SUPPLIED MATERIAL
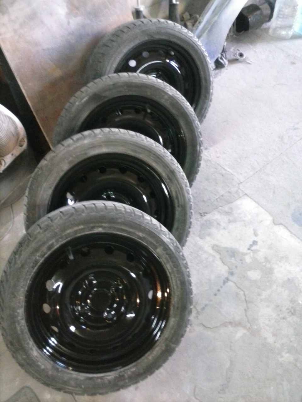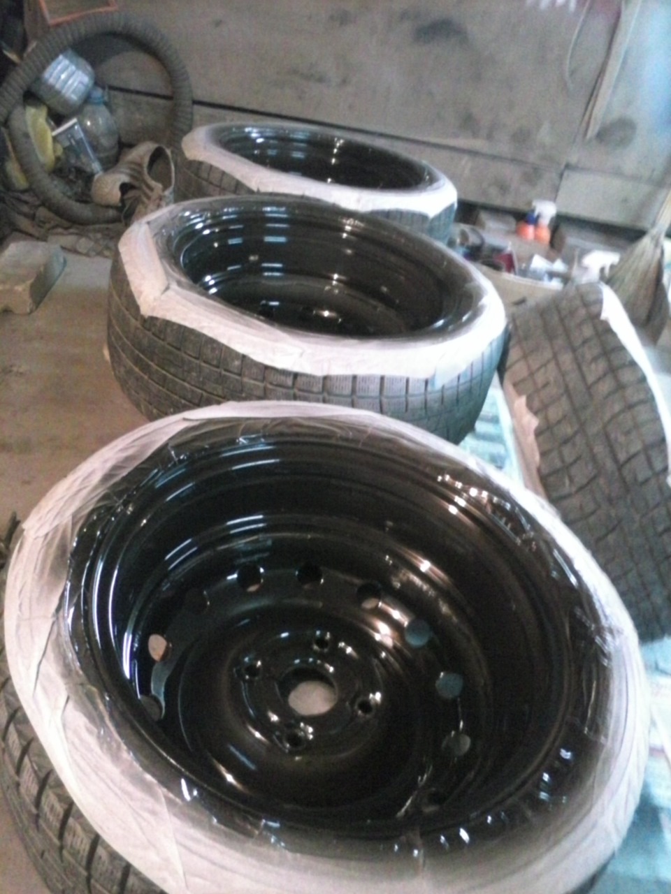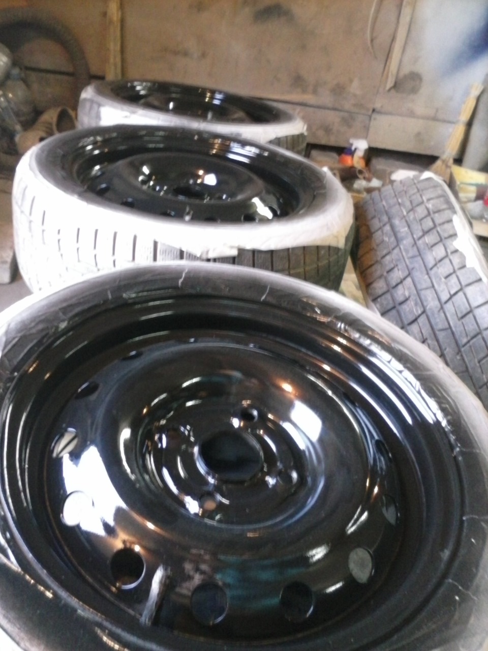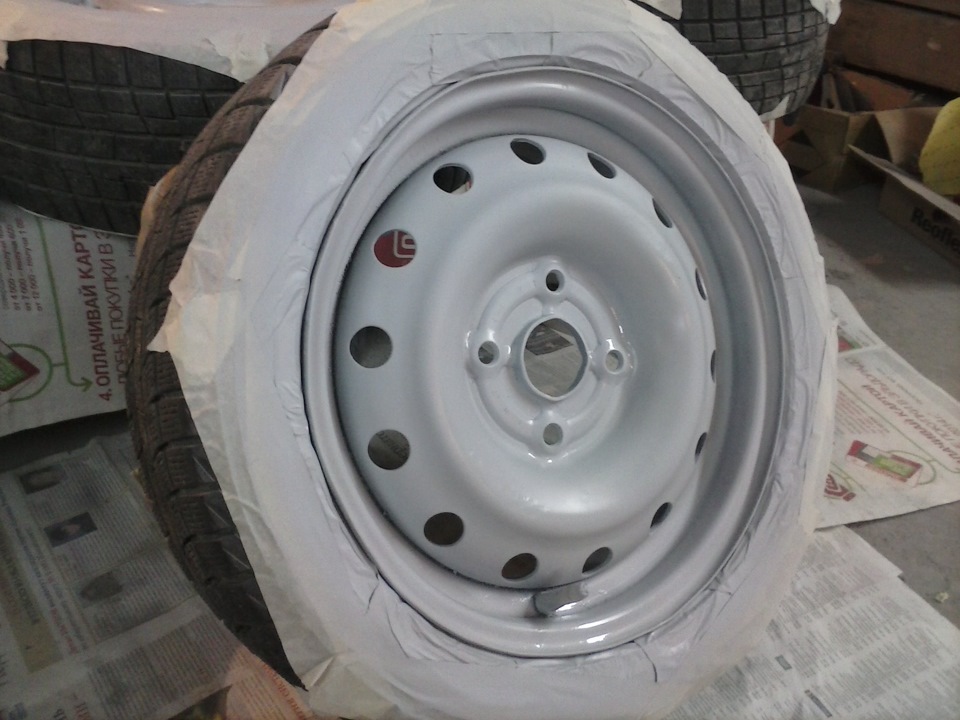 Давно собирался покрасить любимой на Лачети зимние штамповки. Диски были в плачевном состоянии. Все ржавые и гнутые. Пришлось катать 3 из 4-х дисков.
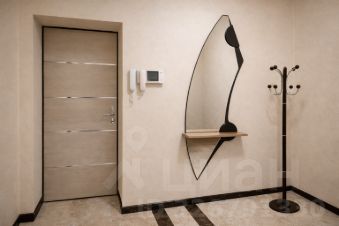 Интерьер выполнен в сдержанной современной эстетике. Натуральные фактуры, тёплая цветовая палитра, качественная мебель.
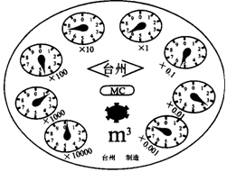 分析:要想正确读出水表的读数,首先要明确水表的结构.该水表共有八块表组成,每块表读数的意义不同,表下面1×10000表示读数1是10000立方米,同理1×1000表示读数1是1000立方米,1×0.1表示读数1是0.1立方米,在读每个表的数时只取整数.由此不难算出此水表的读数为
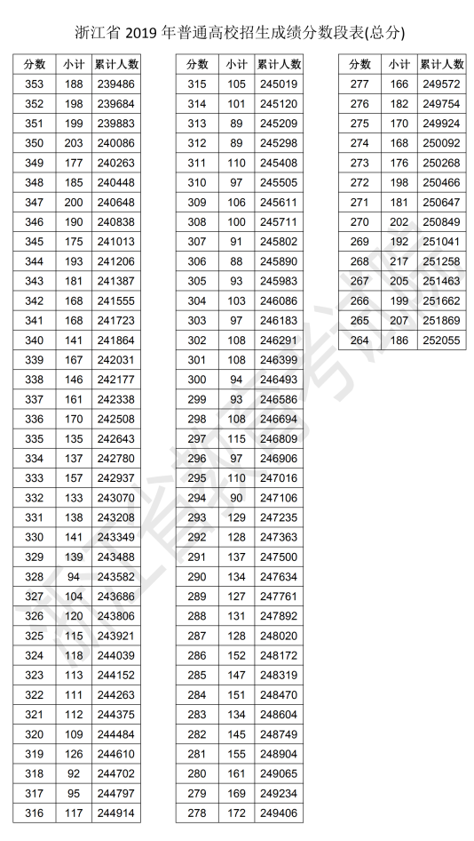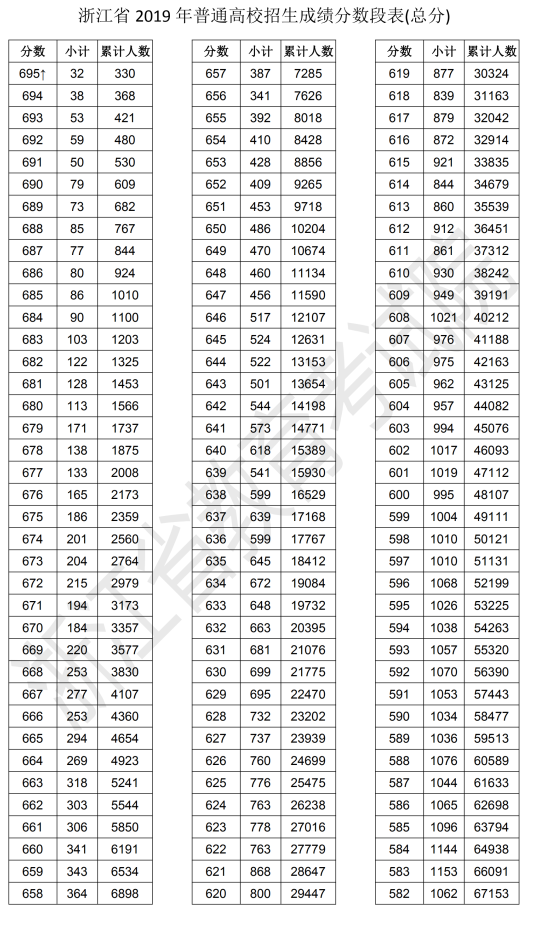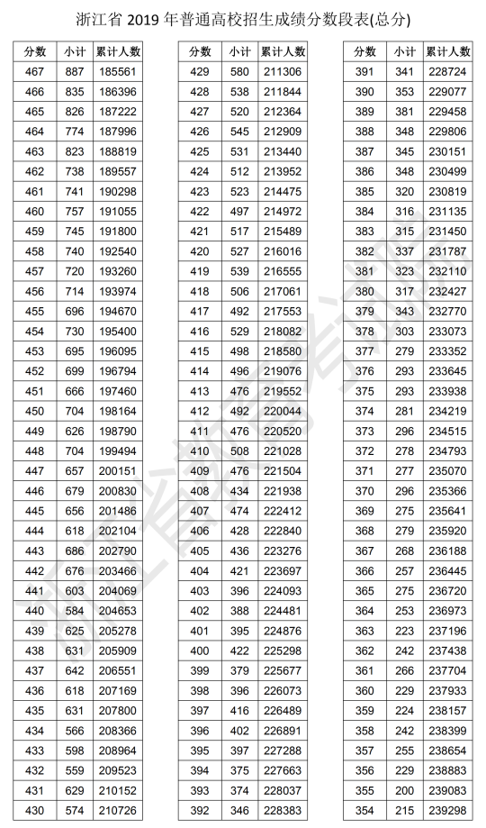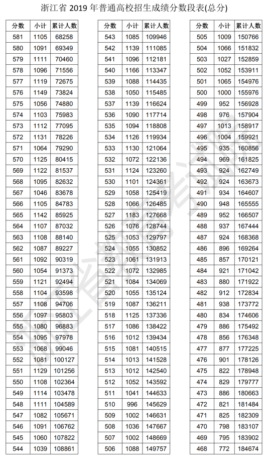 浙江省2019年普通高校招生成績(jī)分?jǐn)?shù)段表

* * *

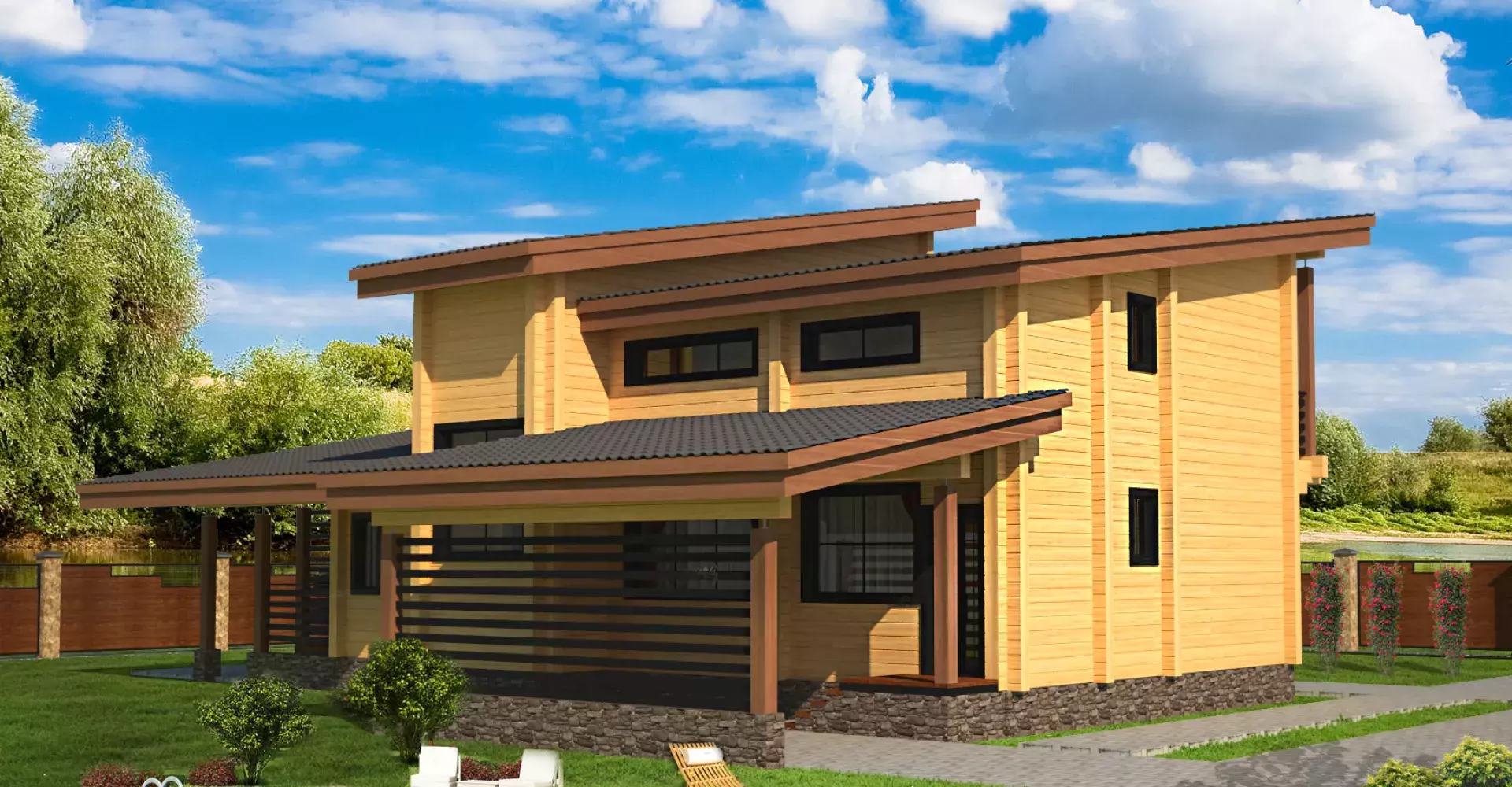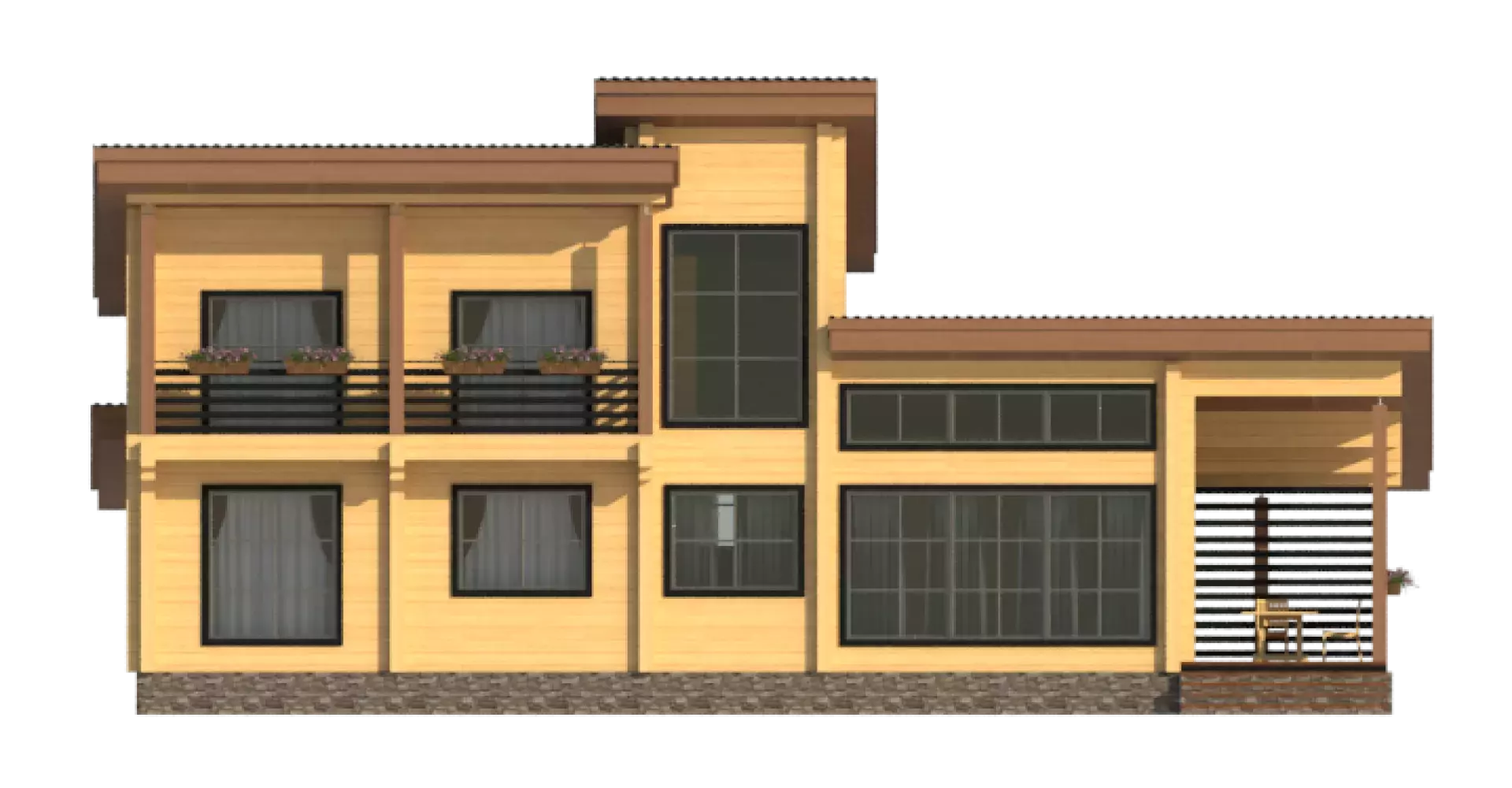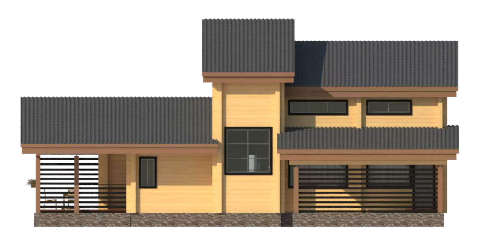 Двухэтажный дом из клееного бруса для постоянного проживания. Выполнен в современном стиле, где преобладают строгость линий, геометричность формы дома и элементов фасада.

ABOUT THIS TASK
Above is the material; set down exactly its lines from the one containing "Давно собирался покрасить" down to the one containing "浙江省2019年普通高校招生成績(jī)分?jǐn)?shù)段表", both included, leaving out any pictures.

RESPONSE FOR THIS EXERCISE
 Давно собирался покрасить любимой на Лачети зимние штамповки. Диски были в плачевном состоянии. Все ржавые и гнутые. Пришлось катать 3 из 4-х дисков.
 Интерьер выполнен в сдержанной современной эстетике. Натуральные фактуры, тёплая цветовая палитра, качественная мебель.
 分析:要想正确读出水表的读数,首先要明确水表的结构.该水表共有八块表组成,每块表读数的意义不同,表下面1×10000表示读数1是10000立方米,同理1×1000表示读数1是1000立方米,1×0.1表示读数1是0.1立方米,在读每个表的数时只取整数.由此不难算出此水表的读数为
 浙江省2019年普通高校招生成績(jī)分?jǐn)?shù)段表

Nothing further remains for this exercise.